Employers in Australia urged to close gender pay gap

The factors that weigh on unfair compensation include discrimination, bias in hiring, and having more men in senior management roles.
By: | December 13, 2022

Female employees in Australia lag behind their male counterparts when it comes to wage parity, reported the Workplace Gender Equality Agency (WGEA), an Australian Government statutory agency created by the Workplace Gender Equality Act 2012.

According to WGEA, female employees earned 22.8% less than male employees, with those working in finance companies suffering the largest wage gaps compared to their male co-workers. This marks the first time that progress has stalled since the government agency began to collect the data in 2013. 

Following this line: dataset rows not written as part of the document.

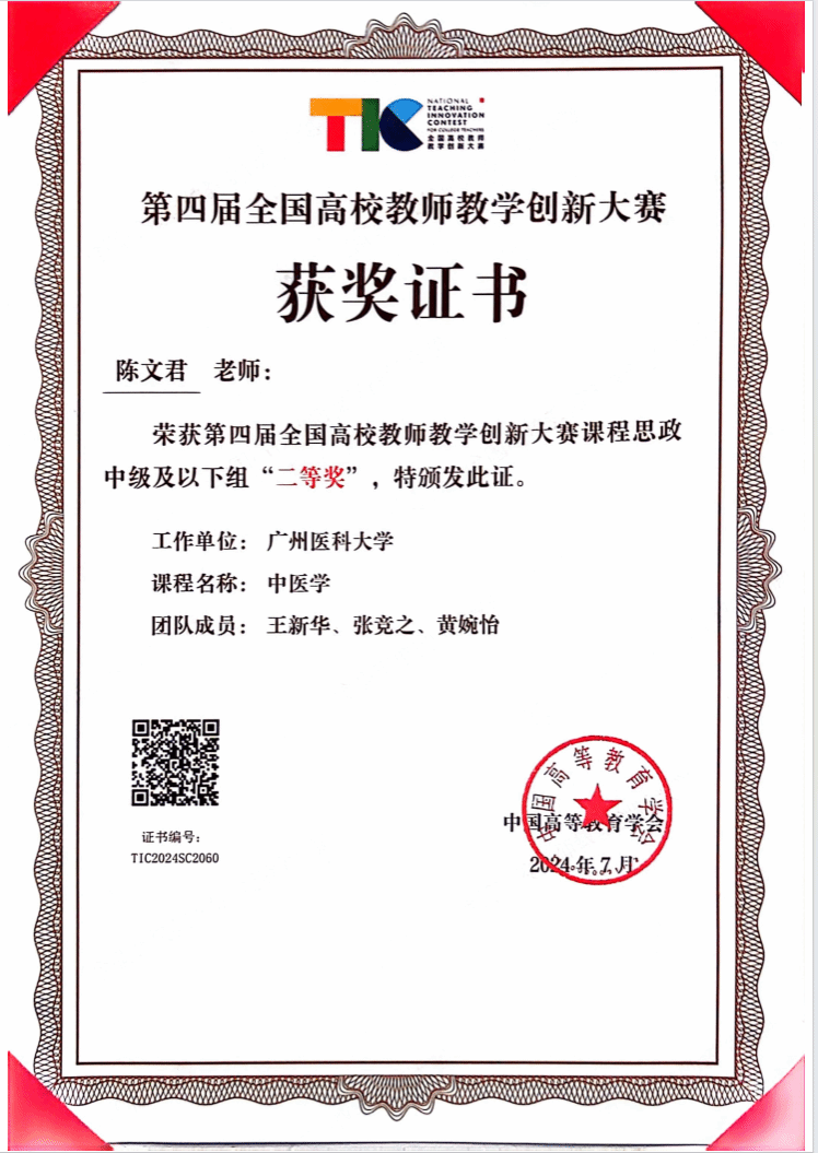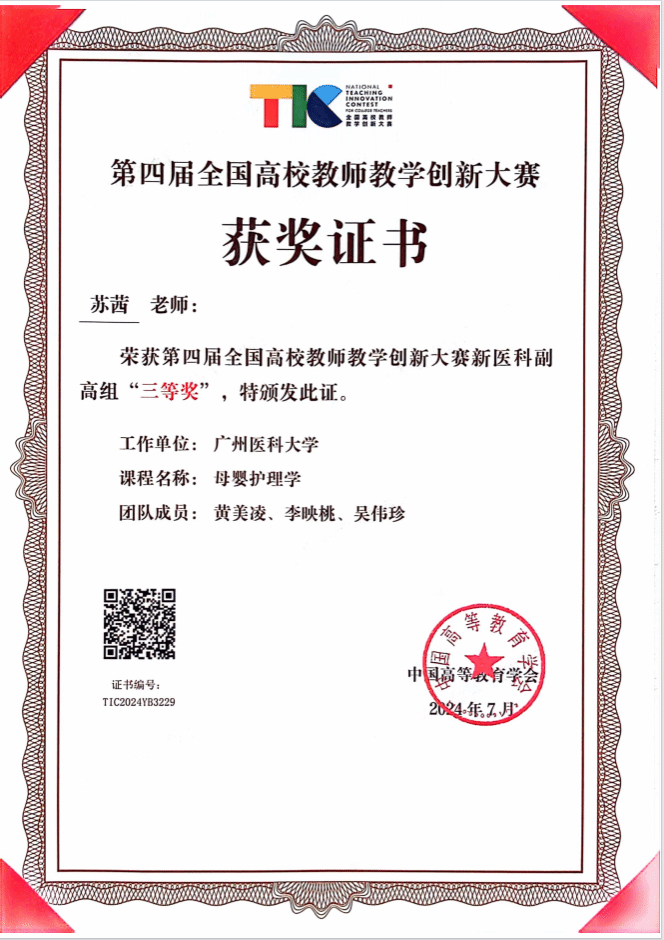 经过激烈角逐,第二临床学院陈文君老师《中医学》课程团队荣获课程思政赛道中级及以下组二等奖,护理学院苏茜副教授《母婴护理学》课程团队荣获新医科赛道副高组三等奖,刷新了我校教师在国家级高水平教学竞赛中的最好成绩。
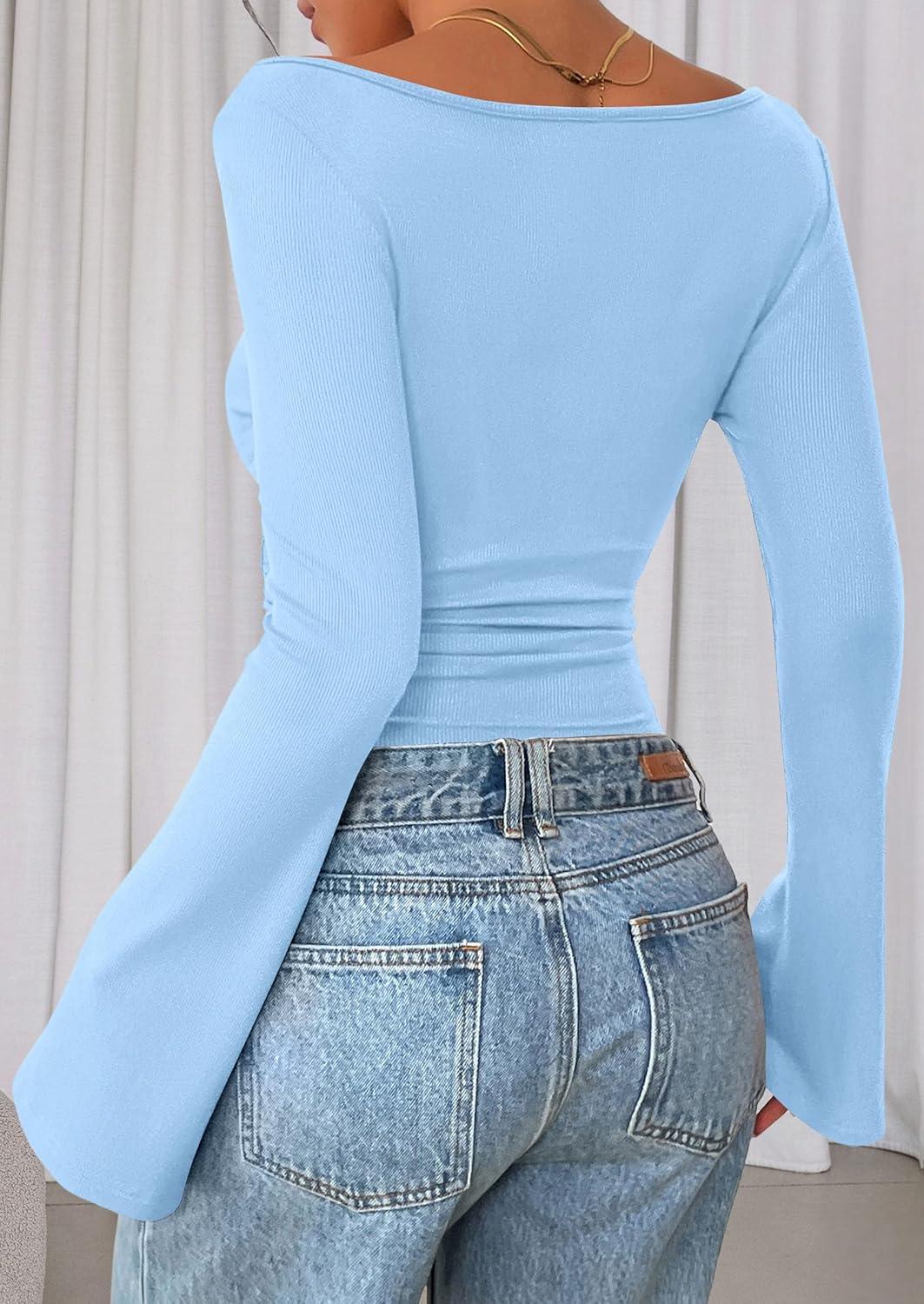 PRETTYGARDEN Women's Long Sleeve Shirts 2025 Fall Crop Going Out Tops Casual Boat Neck Bell Sleeve Ribbed Ruched Y2K Clothes(Sky Blue)
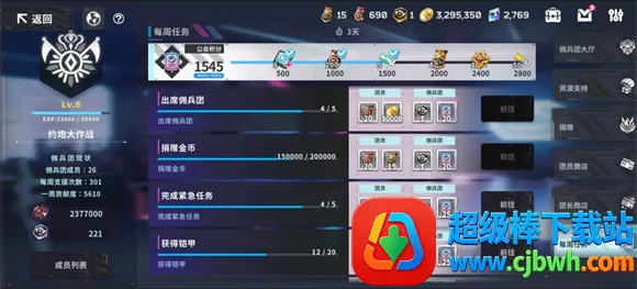 有GVG公会战,通过进攻敌方建筑获取分数决定胜负,战斗达到一定回合数可选择平手,平手奖励比战败略好。还有丰富剧情关卡、副本,完成任务推进剧情深入了解角色。团员商店、团长商店可兑换资源,佣兵团有各种玩法和要求。
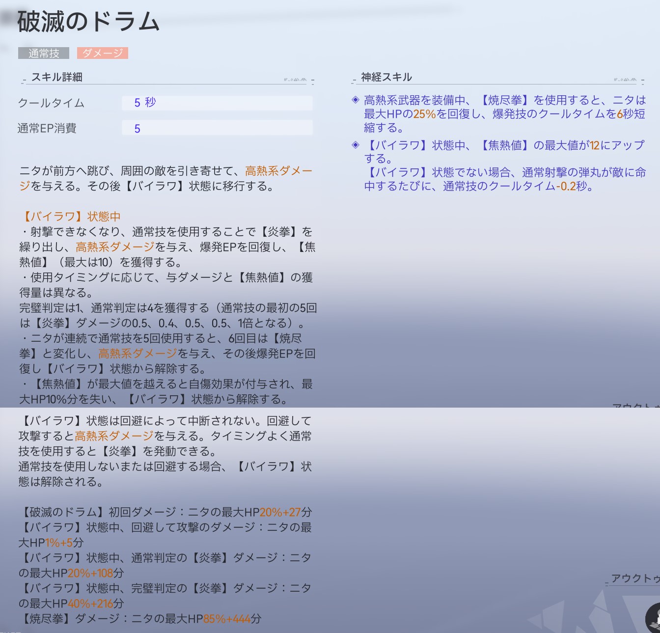 | ダメージ倍率 | 初回ダメージ:ニタの最大HP20%+27 【バイラワ】状態中、回避攻撃のダメージ:ニタの最大HP1%+5 【バイラワ】状態中、通常判定ダメージ:ニタの最大HP20%+108 【バイラワ】状態中、完璧判定ダメージ:ニタの最大HP40%+216 【焼尽拳】ダメージ:ニタの最大HP85%+444 |
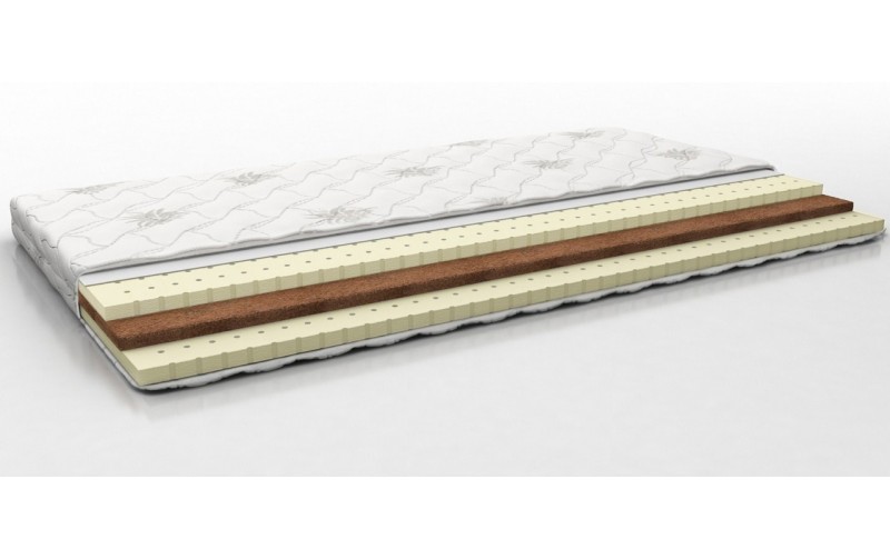 Матрас Ортопедический Беспружинный Perrino КРОХА средней жесткости, верхний и нижний слои которого изготовлены из натурального латекса. Изделие не содержит пружин, внутри расположена кокосовая койра, которая придает изделию прочность и жесткость. Изделие имеет несколько зон жесткости, благодаря чему ваш вес равномерно распределяется по всему матрасу. Чехол съемный на молнии изготовлен трикотажа. Матрас изготовлен из гипоаллергенных дышащих материалов. Максимальная нагрузка на одно спальное место составляет 60 кг, а высота 7 см. При правильном уходе и использовании матрас прослужит более 8 лет.

“It’s very disturbing and disappointing, in terms of the progress,” said WGEA director Mary Wooldridge. “It needs to serve as a call out to all employers that we need to do better”, reported Bloomberg.

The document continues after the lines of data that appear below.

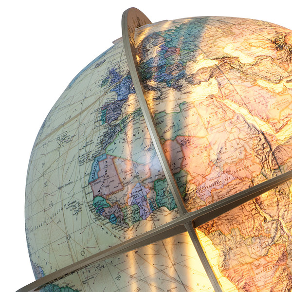 Iluminado, irradia una calidez especial con su armoniosa combinación de colores y subraya el carácter tradicional de los globos terráqueos equipados en consecuencia, mostrándole con detalle las zonas montañosas y las cordilleras de nuestro planeta.
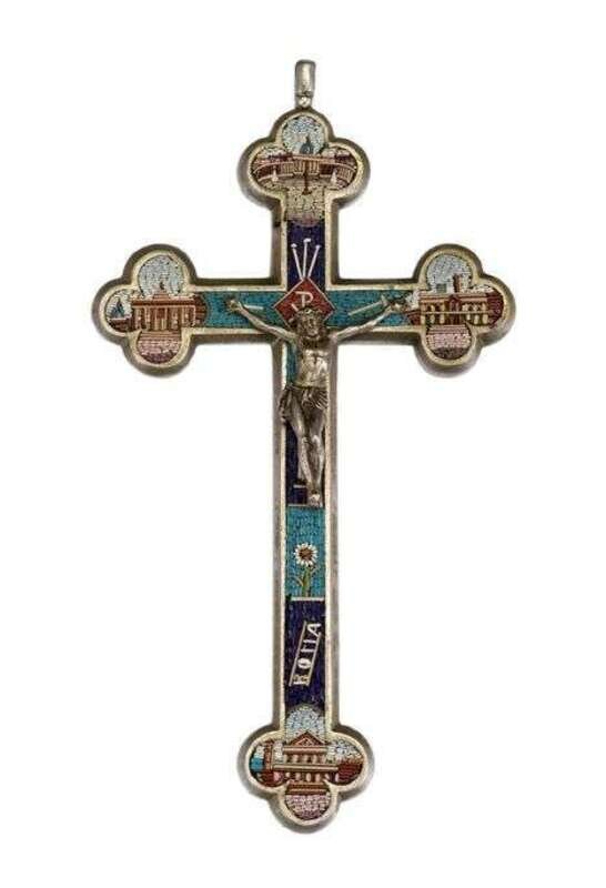 The cross inset with four quatreform views of Rome and centered by a silver figure of Christ, the reverse inscribed 'Roma' and dated 1899.
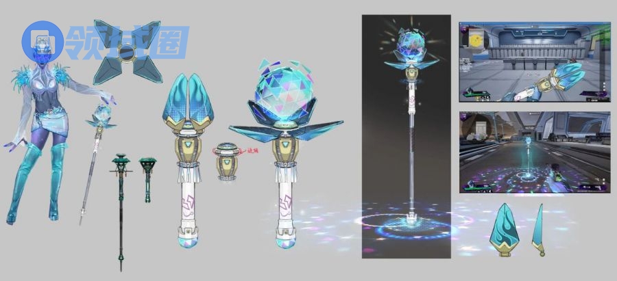 而麦克风和鼓槌的设计思路会有所差异。麦克风由于它使用情景的关系,不太适合融入到武器本身的设计中,所以我们加入了变形的效果:平时它看起来就像是一个正常的手枪,只是枪管能看出来是麦克风的外形;然后在变形之后,手枪会完全变成一个舞台麦克风的样子,供角色去使用。
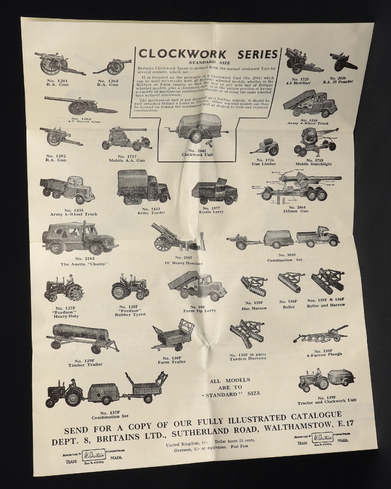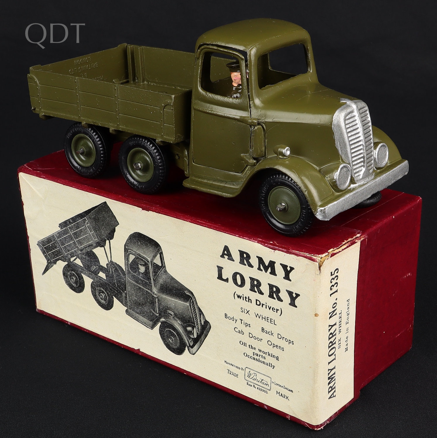 Six Wheel Army Lorry by Britains Models, No. 1335. With driver. Very very near mint/boxed, with promotional leaflet. Another scarce model from The Denis Tyler Collection. Starting bid £75. Please note that QDT apply 12.5% buyer's commission.
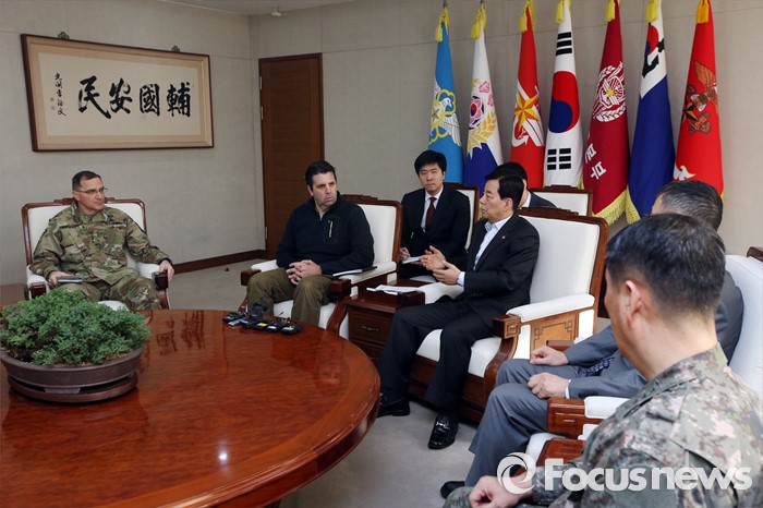 아울러 김 본부장은 "한·미 연합방위태세를 긴밀하게 하고, 주변국과의 국방 협력을 강화하겠다"며 "금년도 KR(키 리졸브)·FE(독수리 연습) 연습을 최첨단·최대규모로 실시하고 연합무력시위를 준비 중에 있다"고 보고했다.
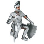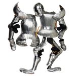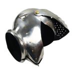The full set of Maximilian armor is constructed from 18 gauge steel. The armor can be worn, but its movement can be restricted and not optimal for stage and sport combat where greater mobility is required. It can function as a display armor with some modifications. A set of leather straps and steel buckles fit the armor to the body or stand. The armor includes a helmet, torso armor, arm and leg armor and gauntlets.
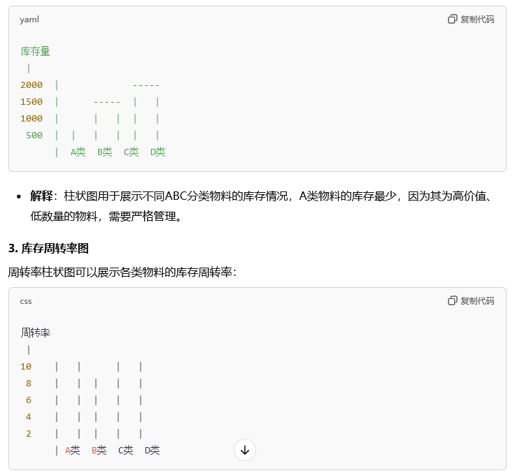 图表可以将库存的趋势、周转率、安全库存等关键数据以直观的方式展示,常见图表类型包括:
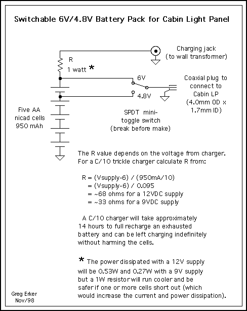 Warning: Do not attempt to charge this type of (switchable) nicad pack with a quick charger. Quick chargers for batteries (rather than cells) depend on all cells in the battery being at basically the same level of discharge. With my pack design the top cell is less discharged if you have used the 4.8V setting. Thus a quick charger will overcharge the top cell damaging it, possibly causing leakage. My trickle charge approach avoids this problem because even fully chaged cells can withstand a C/10 current (95 mA for a 950 mAh cell) indefinitely without damage. Thus the top cell will not be damaged even if still fully charged when the bottom four are fully depleted, and then charged.

The factors that weigh on unfair compensation include discrimination, bias in hiring, having more men in senior management roles who tend to receive bigger bonuses, and a large proportion of women in lower paid education and healthcare jobs.

READ: Gender equity for women in Australia requires more action

The WGEA data drew information from employer reports from April 1 last year through to March 31 this year, covering 4,795 reporting organisations and almost 4.5 million employees.

Although Australia requires organisations hiring more than 100 employees to provide information annually, the results of individual organisations are not published.